The key in all these cases, of all these people who write to me… and I’d like to take this opportunity to say that I’m reading all your messages, but with all the other things that are going on I’ve been able to respond to very few, not even the best or most inspiring ones. But I hope I have the time for it to make it. I don’t know how much time I have left. If I only have a few weeks or a month left, you may not hear from me. If it’s more than that, there’s nothing I’d like to do more than try to maintain the interaction I have with my family.

And my family, my larger family, my extended family, are the people who consider what we are living through to be an emergency. And we are working together, non-violently and sincerely to change it. And to the people who have been arrested along with me, but also to the people who are taking advantage of their jobs and their associations and their work to educate themselves about what’s going on, and to act effectively, what I can say to them is: Things can work out.

-One of the things that you’ve allowed people to do because of your letter in which you say you don’t know how much time you have left is to talk about everything you’ve done. And I ask her what you want people to focus on, what you’re most proud of.

-Well, pride at the moment is not my dominant emotion. At this point I’m much more aware of, as Greta would say, how little the world has changed in these critical areas related to the danger of nuclear war, and how limited the effectiveness has been in stopping what we’ve done. You might think it’s unreasonable to say, “We’ve done all this, and it hasn’t made any difference”. And it is important to think about why it has not had a greater effect and to ask her what we can do better.

Looking at this war, for example, which is happening now, the cold war is incompatible.
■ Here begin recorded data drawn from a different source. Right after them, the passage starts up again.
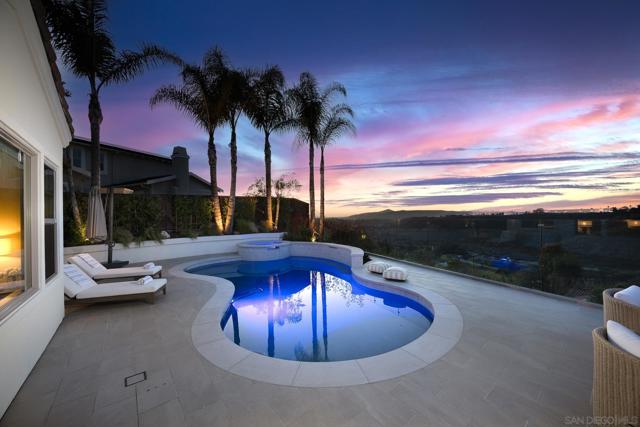 This single-story stunner is located in the sought-after Stonebridge Estates community of Scripps Ranch. It sits on a quiet cul-de-sac with no neighbors across the street and a wide-open canyon behind you. The backyard was built for entertaining, with a big BBQ island, pool, spa, and glass fence to enjoy your mountain and sunset views. The interior features travertine flooring, an updated kitchen, and a vast living space that flows flawlessly into your backyard. The location within the community offers easy access to Sycamore Canyon Park's playground and fields. Residents of this community love the easy access to nature and being in Poway Unified School District.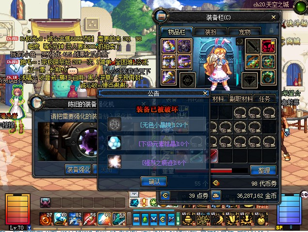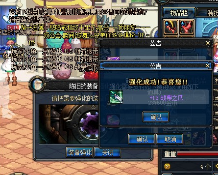 这就不是我等草履虫触摸的范围了,我成功的运气成分也很大,连续丢1个破腰带,+1+2+3+4+5,5上6失败变4,再丢,4上5失败变3,丢+8破腰带失败,丢个+9破腰带失败,丢个12紫垫子,碎,丢吧!
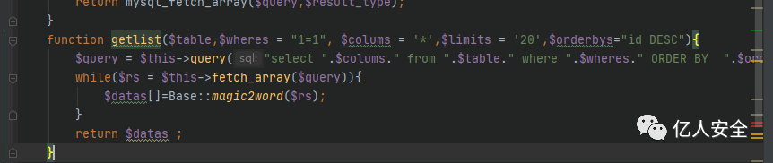 这里sql执行完之后会调用Base类中的magic2word方法,对结果是否为数组进行判断,如果是数组就会存入新的数组并且返回赋值给$datas数组,打印该数组可以发现注入的语句已经成功执行并返回了结果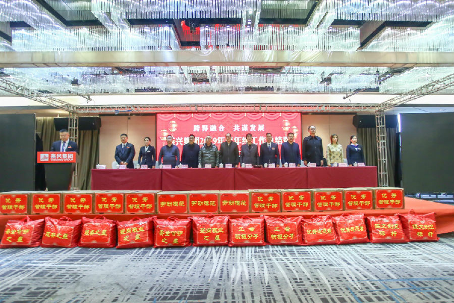 玉豬如意樂辭舊,金鼠祥瑞喜迎新。為總結(jié)經(jīng)驗(yàn),表彰先進(jìn),全力開啟2020年工作全新局面,助推集團(tuán)高質(zhì)量發(fā)展。燕興集團(tuán)于2020年1月2日,在沃爾頓國(guó)際酒店隆重舉辦燕興集團(tuán)2019年度“跨界融合、共謀發(fā)展”工作總結(jié)表彰大會(huì)暨2020新年聯(lián)歡晚會(huì)。集團(tuán)領(lǐng)導(dǎo)、各部門、分公司負(fù)責(zé)人和獲獎(jiǎng)員工共400余人參加大會(huì)。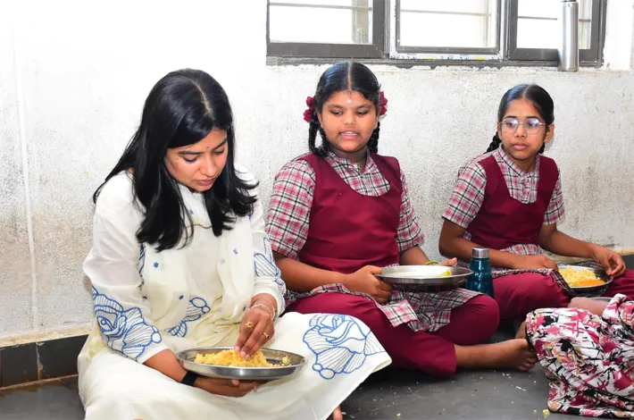 విద్యార్థులతో కలిసి.. అల్పాహారం తిన్న జిల్లా కలెక్టర్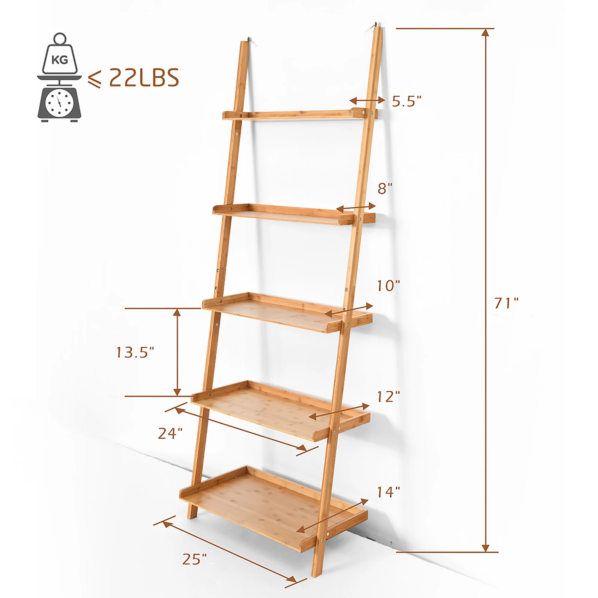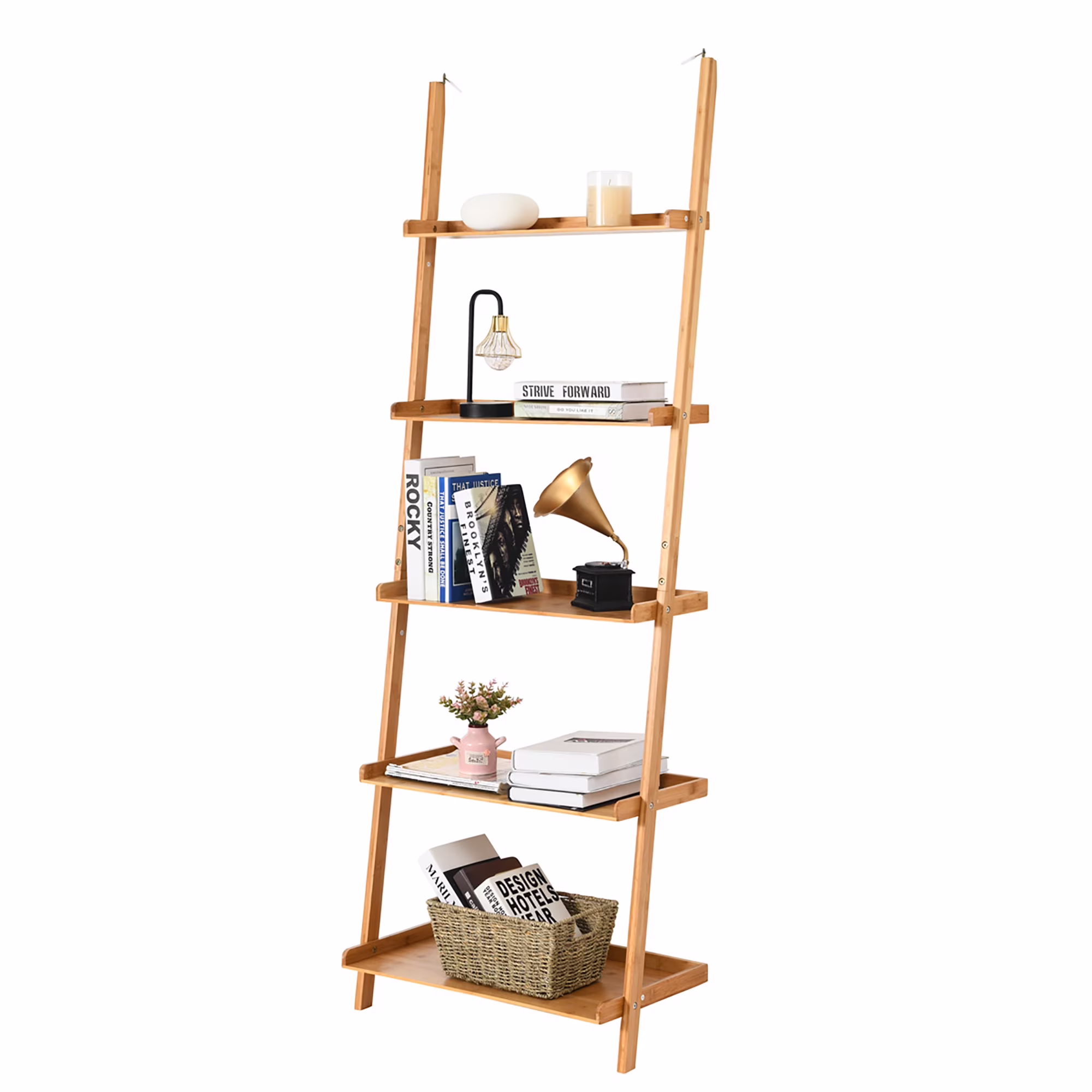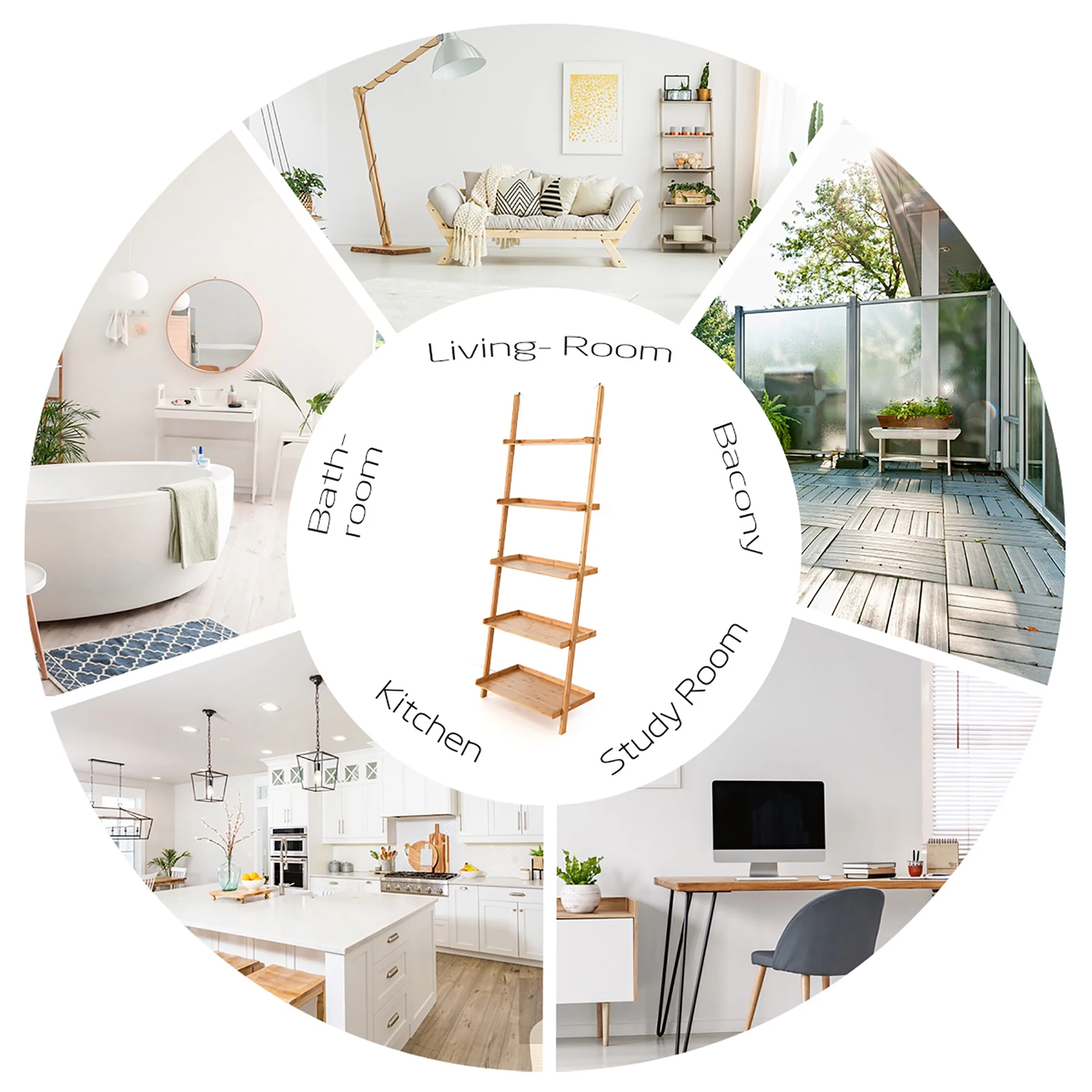 - 5 Shelves with Large Space: Equipped with 5 open storage shelves, the ladder rack max imizes the vertical storage space and provides plenty of storage space for your daily display items. And the edges of each shelf are raised to prevent items from falling off the shelves.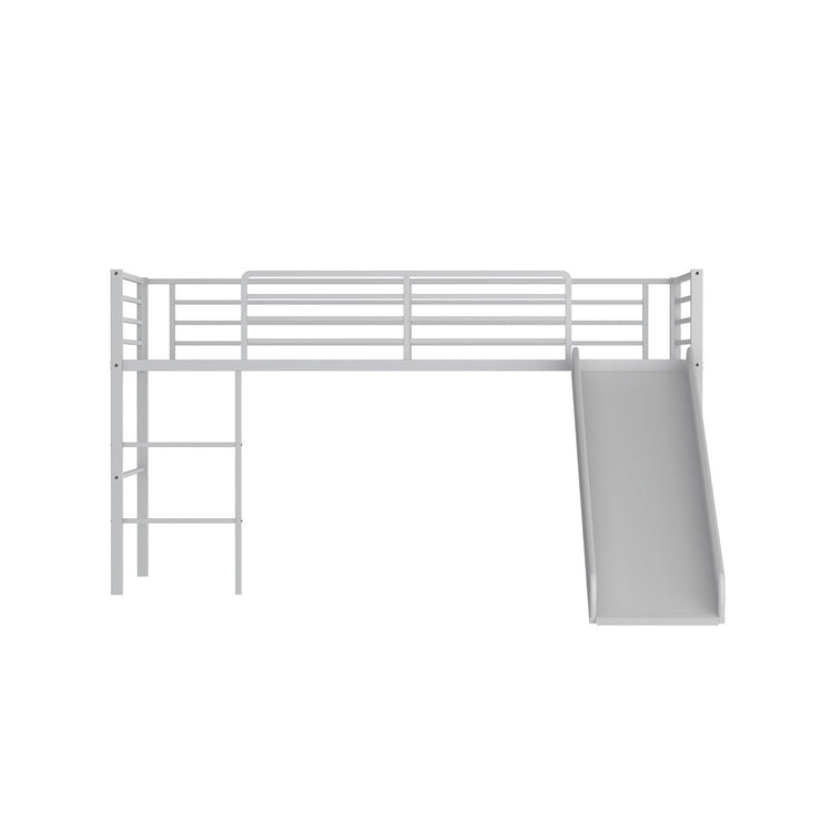 Lit superposé en métal jumeau avec toboggan, garde-corps de sécurité, échelle intégrée, argenté

God knows… America has not caused this on its own and Russia has not caused this on its own. There are people in many parts of the world who want a cold war, people who prefer to run the world with an adversary in front of them, whether it’s Russia, the United States or China, so that they can explain to us why we have to do what they say we have to do and why we have to have these conflicts. So, I think it is essential to study and understand that this is not in the hands of people who have among their top priorities our interests or the interests that are going to help the survival of humanity. And understanding this is in many ways painful, but it’s hard to imagine that we can escape our own actions without doing so.

-Daniel Ellsberg, Pentagon Papers whistleblower. He has recently been diagnosed with inoperable pancreatic cancer. Fifty-two years ago today, on May 1, 1971, he took part in a protest against the Vietnam War in Washington D.C., along with Noam Chomsky and Howard Zinn. Four years later, the Vietnam War ended on 30 April 1975.